Your pup’s actions tell you a lot about his mood. And although you may not be fluent in the canine tongue–short of what it means when it salivates–you do need to learn how to interpret dog behavior. Have you ever witnessed your dog eating grass or smelling weird things? Or why do dogs dig? Today we will answer fundamental questions about dogs and we will keep answering more questions in the coming weeks.
Why do dogs eat grass?
You have of course seen your dog eating grass. Talking from experience here, my dog Silk has done it countless times in the last three-and-a-half years. Being a Labrador mix there’s not much she hasn’t attempted to eat yet….
Grass eating is often followed by vomiting and sends panic down the dog owners minds. But not every dog who eats grass will throw up. Statistics show that only 27% dogs vomit after grazing on their walks.
So in this section we will talk about different reasons why your dog might be eating grass.
- Lack of fiber: Lack of fiber is a problem in humans as well as dogs. We usually resort to the infamous legumes while dogs resort to grass. This is completely normal and should not be a cause for concern. If your dog eats grass frequently and doesn’t show any other signs of concern like loss of appetite then it’s probably the lack of fiber. You might be feeding her the best quality dog food, but sadly my suggestion would be: it’s time for a change or you can add some carrots and pumpkin to her regular kibble. Always remember to cut in bite size pieces!
- To induce vomiting: Sometimes your dog might eat something she is not supposed to or feel bloated or gassy because of it. From my personal experience I have seen, Silk will eat grass when her stomach hurts. She will beg me to take her for a walk and then graze on whatever leaves she feels like having. By the time we are back home, she leaves me a wonderful surprise. In the form of vomit, of course! Again if this happens once in a while it is not a cause of concern. Sometimes when I can hear her stomach growl, I give her a drop of Ondem syrup which seems to calm it in an hour or so. Again this comes from my personal experience, but it works for Silk, should work for you as well. But if your dog vomits more frequently or keeps repeating the habit for more than 2 days, my take would be its time for a ride to the vet.
Note: At times, worms in your dog’s tummy may also encourage him to eat grass. But if you regularly deworm your dog this shouldn’t be a cause of concern.
- Boredom: Some dogs just do it because they are bored. While it may be heard to hear for any dog parent, it should be taken seriously. If your dog eats grass very frequently (like on every walk) then its time to provide some kind of alternative simulation like keeping a few treats in your pocket or spice the walk a little with some fetch.
- Enjoyment: Some dogs just like it! If you have a yard in your house and a labrador as a pet, it may be likely that your dog has taken a liking to the grass due to frequent access to it. I have a small yard in my house and if let loose, Silk will eat whatever I plant in it. (I cannot grow plants even when I would like to!) This is no reason to panic, you just have to accept every dog is unique and make sure the grass she has access to is free of pesticides to avoid any future problems.
Why do dogs scratch tiled floors?
While scratching on tiled floors might seem odd to you, it is perfectly normal for dogs. Like they say, old habits die the hardest. Evolution has shaped dogs to dig to lay claim to a spot and get cozy in it. While your dog might not have access to dirt or a yard, she still has an instinct to dig. This is in no way a reason to worry. Your dog might just want to lay claim to her favourite spot, get comfortable or simply be having fun doing it.
- Natural instincts: Like we saw already its the instincts which kick in when your dog sees a spot of her liking. Wolves in the wild marked their spot and made it cozy by digging out the dirt. The urge to continue that practice is literally hardwired into the canine DNA. Do not feel bad about it, even with access to the most comfortable bed, your doggo will dig. Just let her.

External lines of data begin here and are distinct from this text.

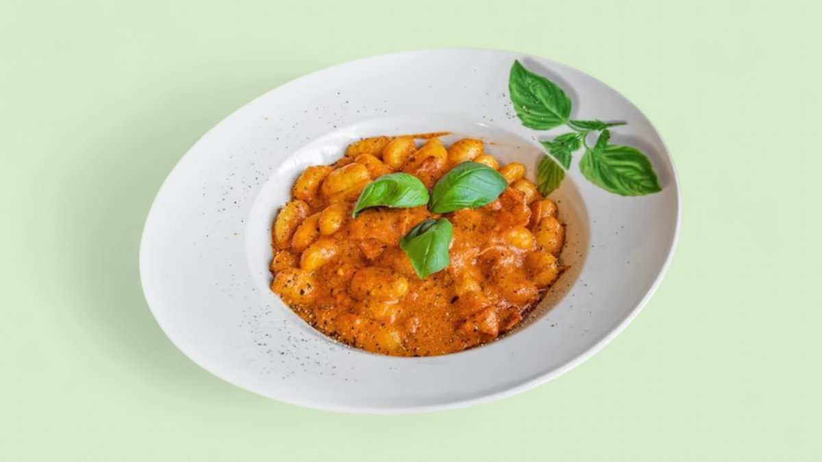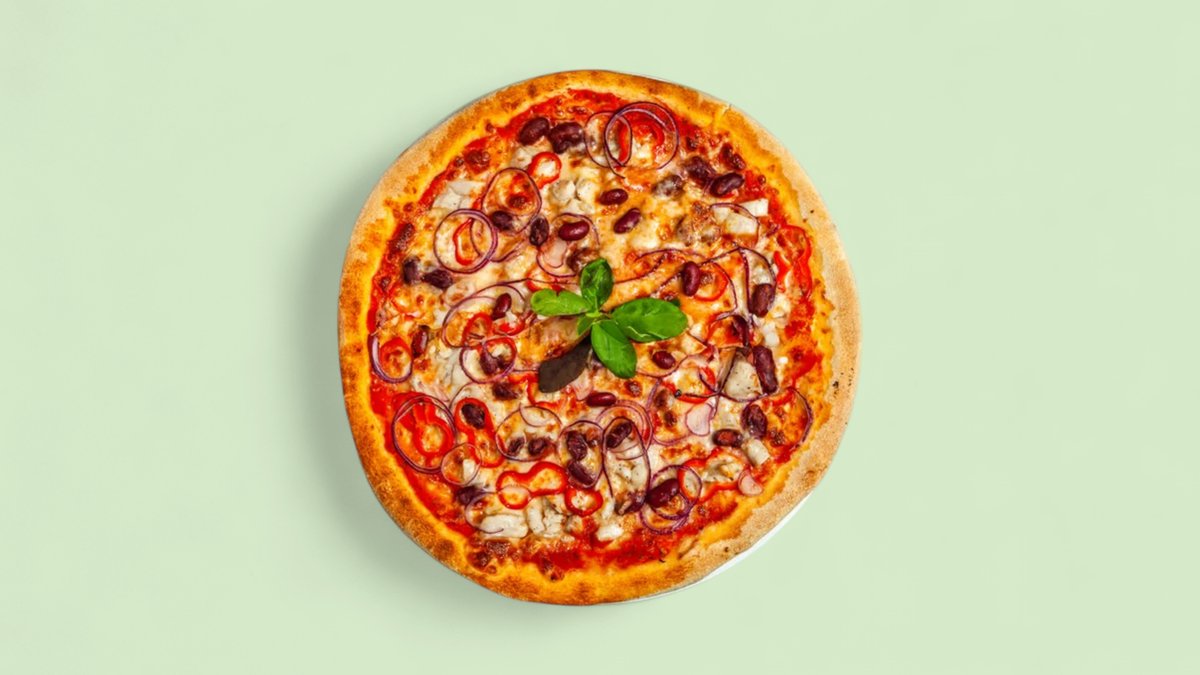 scharf mit Formfleischvorderschinken, roten Zwiebeln und Basilikum-Tomatensoße
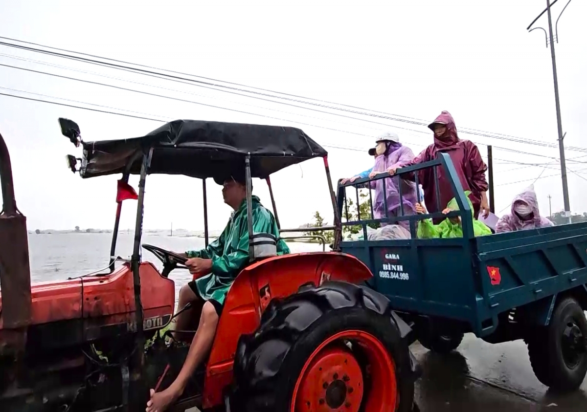 Anh Phụng dùng máy cày chở người dân đi tránh lũ, chở sản phụ đi bệnh viện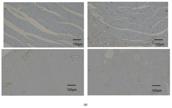 Strong immunostaining in myocardial cells was considered positive. The comparison and results are summarized in Table 2 and the immunohistochemical analysis results are illustrated in Figure 6a,b. There was a statistically significant difference between groups regarding the percentage of positive results for the CTGF variable (p = 0.011), as well as with the CD133 variable. Pairwise comparisons showed that the experimental group that received the stem cells presented a higher percentage of positive results for the CD133 variable compared to the sham-operated (p < 0.005) and control groups (p < 0.005), respectively. There was also a statistically significant difference between groups with respect to the percentage of positive results for the GATA4 variable (p < 0.005). Pairwise comparisons showed that the experimental group (stem cells) presented a higher percentage of positive results for the GATA4 variable compared to the sham-operated (p < 0.005) and control groups (p < 0.005), respectively. There was a statistically significant difference between groups with respect to the percentage of positive results for the Nkx2.5 variable (p < 0.005). Pairwise comparisons showed that the experimental group presented a higher percentage of positive results for the Nkx2.5 variable compared to the sham-operated (p = 0.045) and control groups (p < 0.005), respectively. These favorable findings indicate the beneficial effect of SCT in this rat model, in terms of the regeneration of the ischemic myocardium (Figure 6a,b).
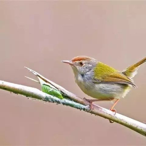 黑喉缝叶莺:体长11.5厘米,是一种小型的顶冠棕色、腹部白色的莺。尾甚长而常上翘,臀黄色,…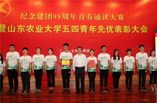 不忘初心跟党走,激扬青春中国梦。5月4日,学校在文理大楼报告厅举行纪念建团95周年青春诵读大赛暨山东农业大学五四青年先优表彰大会。学校领导徐剑波、朱莉、杨天梅、张然出席活动并为青年先优集体和个人颁奖。
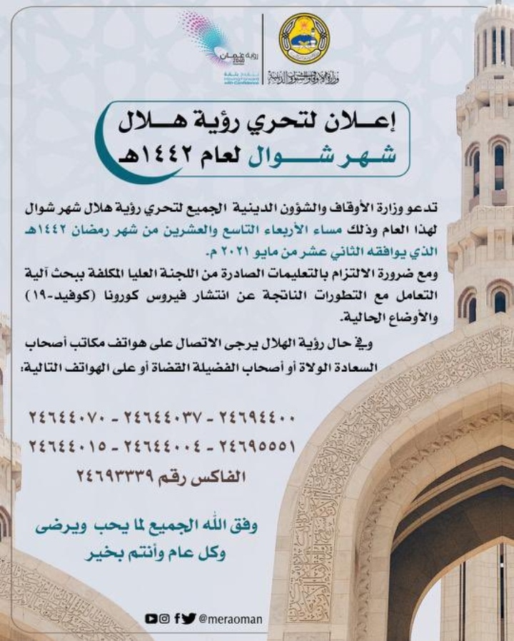 دعت وزارة الأوقاف والشؤون الدينية الجميع لتحري رؤية هلال شهر شوال لهذا العام و ذلك مساء الأربعاء التاسع و العشرين من شهر رمضان الذي يوافقه الثاني عشر من مايو 2021م.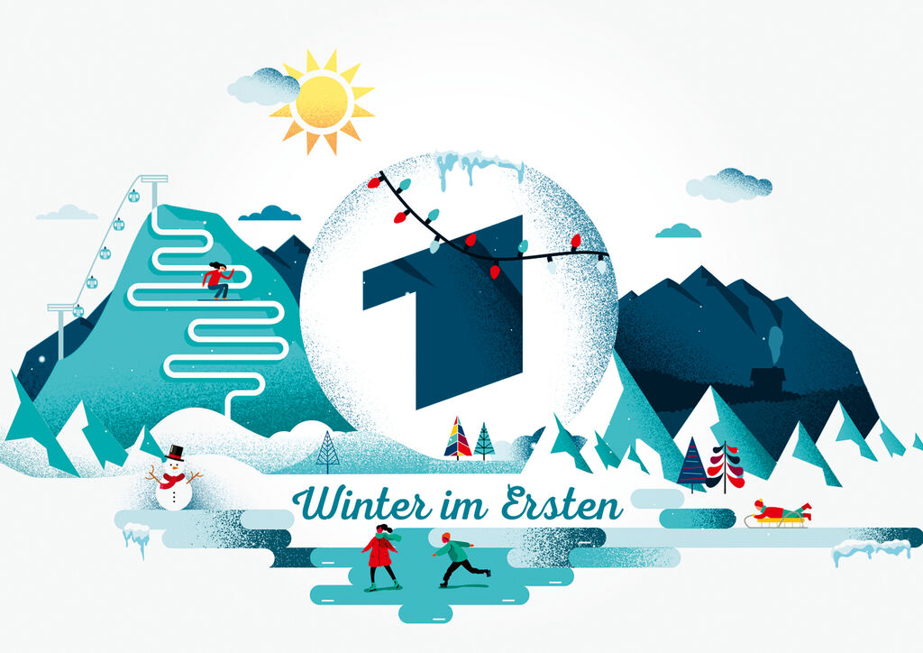 The aim of these idents, developed for ARD, was to promote the brand and enhance the memory value of the logo Das Erste. The logo is placed at the centre of each illustration and animation, which show typical scenes for the four seasons: a winter wonderland in ice-blue and white, a summery water-based landscape, or colourful flowers heralding spring surround and frame the logo, making it a fixed component of the respective season. Each ident has its own style and individual aesthetic, thus standing out from the daily programming of the channel.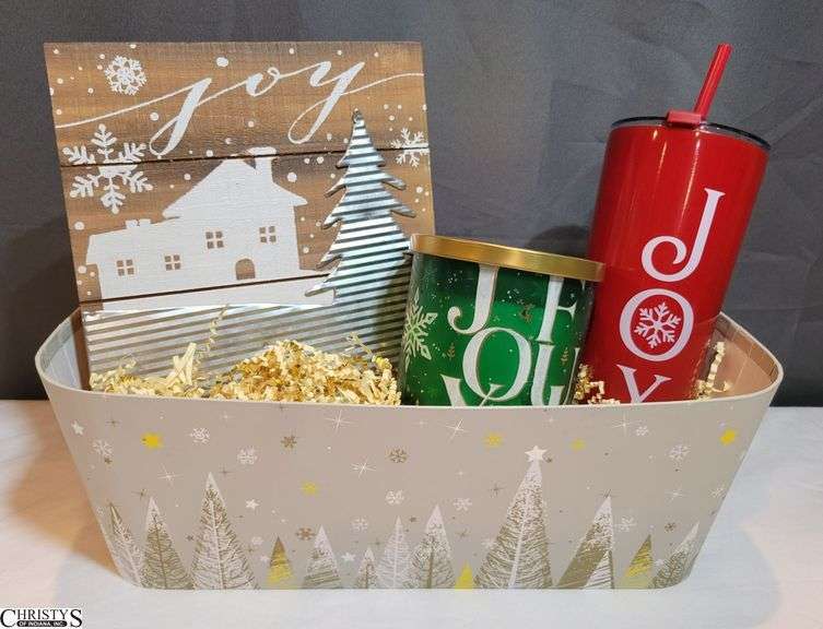 LOT 121 - Joy Basket: Wooden Block, Candle, and Tumbler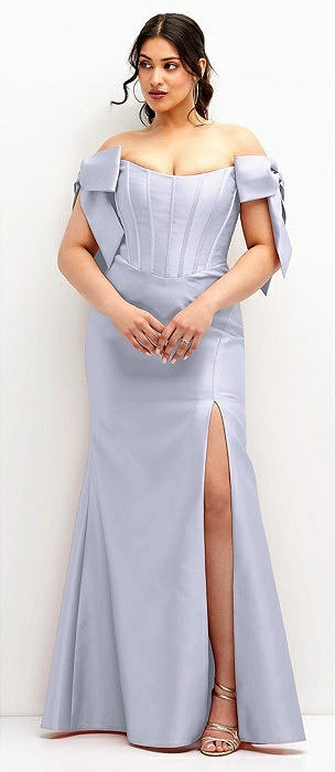 Off-the-Shoulder Corset Stretch Satin Mermaid Dress with Slight Train in silver dove

- Territorial claims: Again, evolution has made dogs to carry the base instincts with them even when they live in flats or big houses. Your dog may scratch a place she likes just out because that’s what her instincts tells her to do. The bottom of the dog’s paws has special glands which secretes a scent which dogs use to mark their territory. The odour lets other canines know that the spot has been marked and they need to keep moving. You might see this a lot if you have more than one dog!
- Entertainment: Even when you would be happier that your dog plays with her toys, she just gets a kick out of it. Dogs that are bored or exercised less often might display this behaviour more than others. It is very common in Labs for example. For a solution to this problem you can reach out to us here.
- Comfort: Tiles are not a wonderful place to lie down. Thats why we humans made the bed. Your dog might dig the tiles just to get a little cozier or she might even dig the bed for exactly the same reason: to find a more snug position to rest!
Some dog breeds like Labs and terriers are more prone to digging than others. If this is a cause of concern for you, one should look at eliminating this behaviour by positive reinforcement and training. Eliminating this behaviour during puppyhood is the easiest. While it’s harmless to scratch ceramic tiles, your wooden flooring or bed sheet can be damaged by it. I recommend taking your dog for a longer walk and maybe climbing up the stairs once a day to tire her out and keep this behaviour to the minimum.